2006 HSR&D National Meeting Abstract
3015 — Spirometry as a Biomotivator to Improve Smoking Cessation Rates: Results from Randomized Trials
Wilt TJ (Center for Chronic Disease Outcomes Research, Minneapolis, MN)
Niewoehener D (VA Medical Center, Minneapolis, MN)
Kane RL (University of Minnesota, Minneapolis, MN)
Rutks I (Center for Chronic Disease Outcomes Research, Minneapolis, MN)
Tacklind J (Center for Chronic Disease Outcomes Research, Minneapolis, MN)
MacDonald R (Center for Chronic Disease Outcomes Research, Minneapolis, MN)
Joseph AM (Center for Chronic Disease Outcomes Research, Minneapolis, MN)
Smoking cessation is the most important factor in preventing the development of airflow obstruction and symptomatic chronic obstructive pulmonary disease, and reducing progression of disease. Even relatively small improvements in smoking cessation could have wide spread health benefits. Spirometric testing in primary care settings has been advocated as a motivational tool to improve smoking cessation and maintain abstinence, but its effectiveness is not known. We conducted a systematic review to determine if spirometry testing improves rates of smoking cessation.

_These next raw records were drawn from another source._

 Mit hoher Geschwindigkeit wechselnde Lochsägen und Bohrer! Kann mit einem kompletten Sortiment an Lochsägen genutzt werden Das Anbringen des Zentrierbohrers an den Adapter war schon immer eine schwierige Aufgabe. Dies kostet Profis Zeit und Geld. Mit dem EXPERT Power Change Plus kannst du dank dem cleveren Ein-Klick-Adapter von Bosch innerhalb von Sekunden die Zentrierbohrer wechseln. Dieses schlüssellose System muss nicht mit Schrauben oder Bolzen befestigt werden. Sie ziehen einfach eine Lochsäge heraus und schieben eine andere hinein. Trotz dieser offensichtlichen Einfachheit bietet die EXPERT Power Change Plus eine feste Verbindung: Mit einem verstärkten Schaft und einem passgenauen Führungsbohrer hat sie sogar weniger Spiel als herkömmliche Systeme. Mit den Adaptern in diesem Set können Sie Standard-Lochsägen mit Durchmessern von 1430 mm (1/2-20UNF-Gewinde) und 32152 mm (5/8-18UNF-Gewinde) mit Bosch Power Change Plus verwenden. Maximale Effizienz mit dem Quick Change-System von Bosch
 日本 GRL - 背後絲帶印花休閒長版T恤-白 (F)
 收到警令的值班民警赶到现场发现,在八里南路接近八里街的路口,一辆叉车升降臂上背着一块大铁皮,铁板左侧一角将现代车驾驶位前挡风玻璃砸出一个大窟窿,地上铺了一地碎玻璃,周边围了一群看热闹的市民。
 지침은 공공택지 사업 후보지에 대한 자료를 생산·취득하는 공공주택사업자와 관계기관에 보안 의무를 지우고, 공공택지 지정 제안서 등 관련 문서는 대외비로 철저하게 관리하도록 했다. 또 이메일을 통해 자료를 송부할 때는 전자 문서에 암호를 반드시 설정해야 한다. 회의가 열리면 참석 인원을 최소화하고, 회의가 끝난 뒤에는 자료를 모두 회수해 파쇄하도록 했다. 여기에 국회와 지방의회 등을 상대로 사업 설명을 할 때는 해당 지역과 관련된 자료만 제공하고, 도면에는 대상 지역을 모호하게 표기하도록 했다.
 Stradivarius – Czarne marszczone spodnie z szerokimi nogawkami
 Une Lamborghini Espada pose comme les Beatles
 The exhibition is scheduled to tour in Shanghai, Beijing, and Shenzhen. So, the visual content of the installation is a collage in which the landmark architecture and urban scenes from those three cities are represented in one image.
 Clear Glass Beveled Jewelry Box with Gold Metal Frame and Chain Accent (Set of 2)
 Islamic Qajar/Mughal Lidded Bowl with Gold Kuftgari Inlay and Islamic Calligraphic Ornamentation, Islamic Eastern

We searched MEDLINE (1966-July 2005) and the Cochrane Library and consulted experts in the field. Eligible randomized controlled trials enrolled at least 25 smokers per arm, evaluated spirometry alone or in combination with other treatments, followed subjects at least 6 months, and provided smoking abstinence rates. Study patient characteristics and outcomes were extracted by trained abstractors. The primary outcome was biologically validated long-term (> 6 months) sustained abstinence. Additional outcomes included self reported abstinence and point prevalent abstinence.

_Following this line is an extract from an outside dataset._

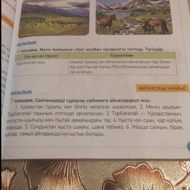 Менің ауылы Тарбағатай тауының етегінде орналасқан ау?.Тарбағатай-Қазақстанның оңтүстік-шығысы мен Қытай аумағындағы тау болар?Қыста күн суық,қар қалың жауатын шығар?.Сондықтан қыста шаңғы шана тебемізбе? Жазда салқын, бірақ шілде, тамыз айларында күн ыстық болады ма?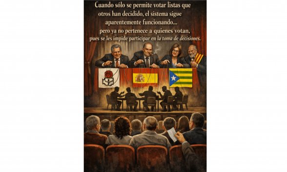 En España, el votante no controla la oferta política, no decide el ejecutivo y no puede vigilar individualmente a sus representantes. Participa en una escenificación donde la decisión final se concentra en pequeños comités de notables de los diversos grupos que concurren a las elecciones.

Seven RCT (n=6,052 subjects) met eligibility criteria. Follow-up duration ranged from 9-36 months. In 6 trials, the intervention group received concomitant treatments previously demonstrated to independently increase cessation beyond counseling. The range of abstinence was 3-14% for controls and 7-39% among intervention groups, statistically significant in favor of intervention in 4 studies. The only study that assessed the independent contribution of spirometry in combination with counseling demonstrated a non-significant 1% improvement in patient reported point-prevalent abstinence at 12 months (6.5% vs. 5.5%) in the group that received spirometry plus counseling versus counseling alone. Cessation rates were less than in the control group that also received nicotine replacement therapy (7.5%). There were no data regarding cessation rates according to race, gender, spirometric or symptom status.
Available evidence is insufficient to determine if spirometry among current smokers improves smoking cessation. However, information from observational studies of spirometry and randomized trials of other biomotivators suggests that any potential effect is likely to be small.

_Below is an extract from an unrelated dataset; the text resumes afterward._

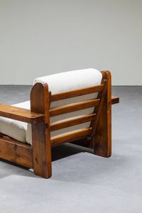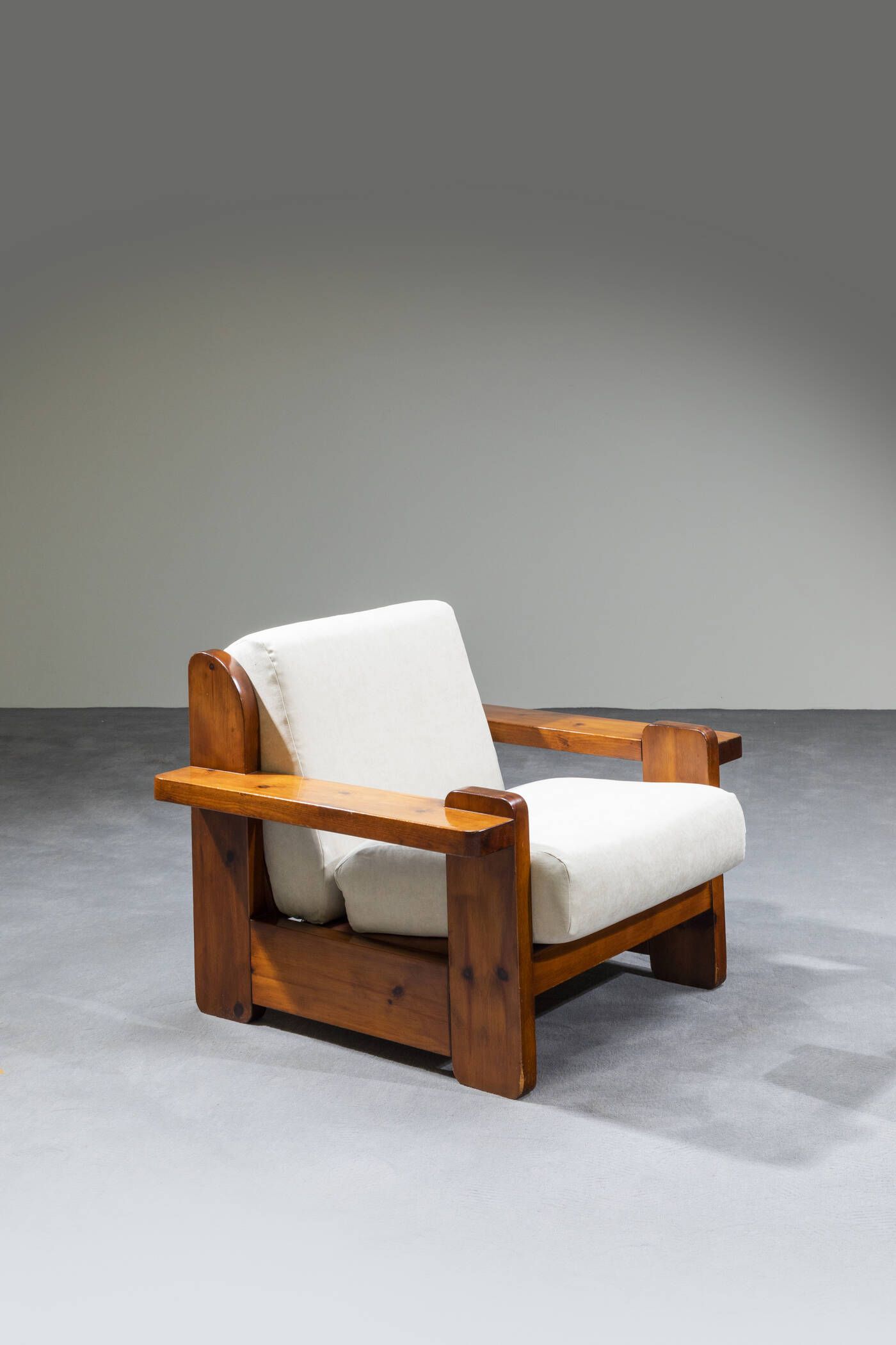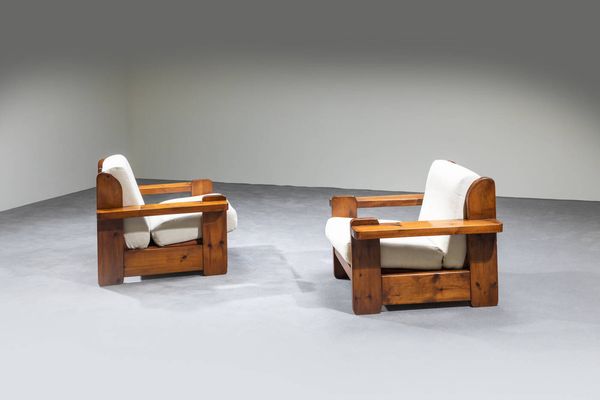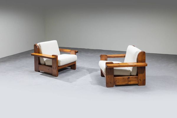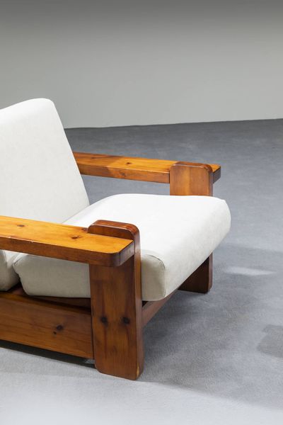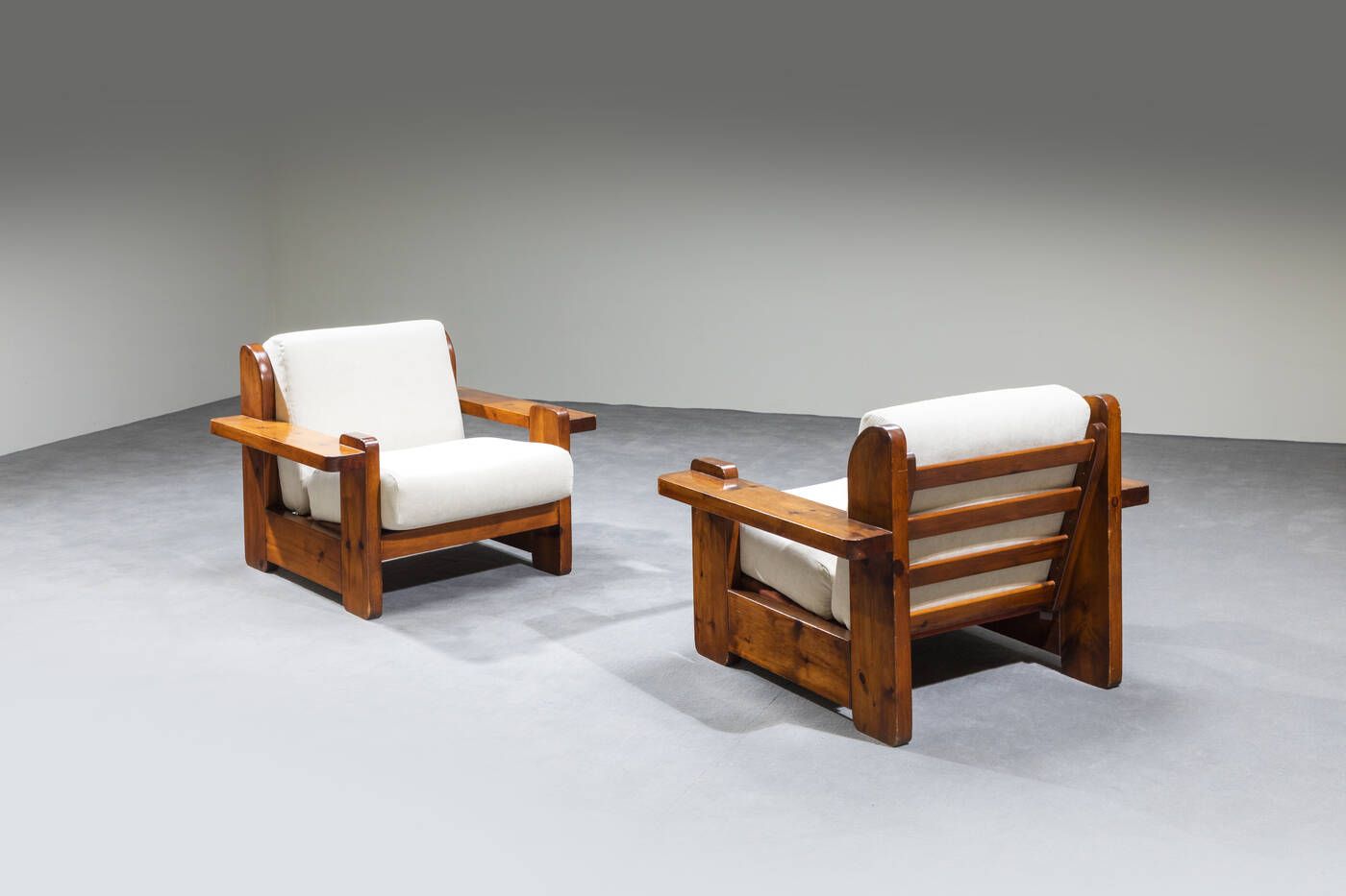 Coppia di grandi poltrone in stile rustico con struttura in legno e imbottitura [..]

Routine spirometric testing among all current or former smokers has the potential to serve as a biomotivator to improve smoking cessation or maintain abstinence. However, it would require considerable clinical resources to implement and may not be effective. Prior to widespread use of spirometric testing in primary care settings, randomized controlled trials should be conducted to assess its effectiveness for improving smoking cessation.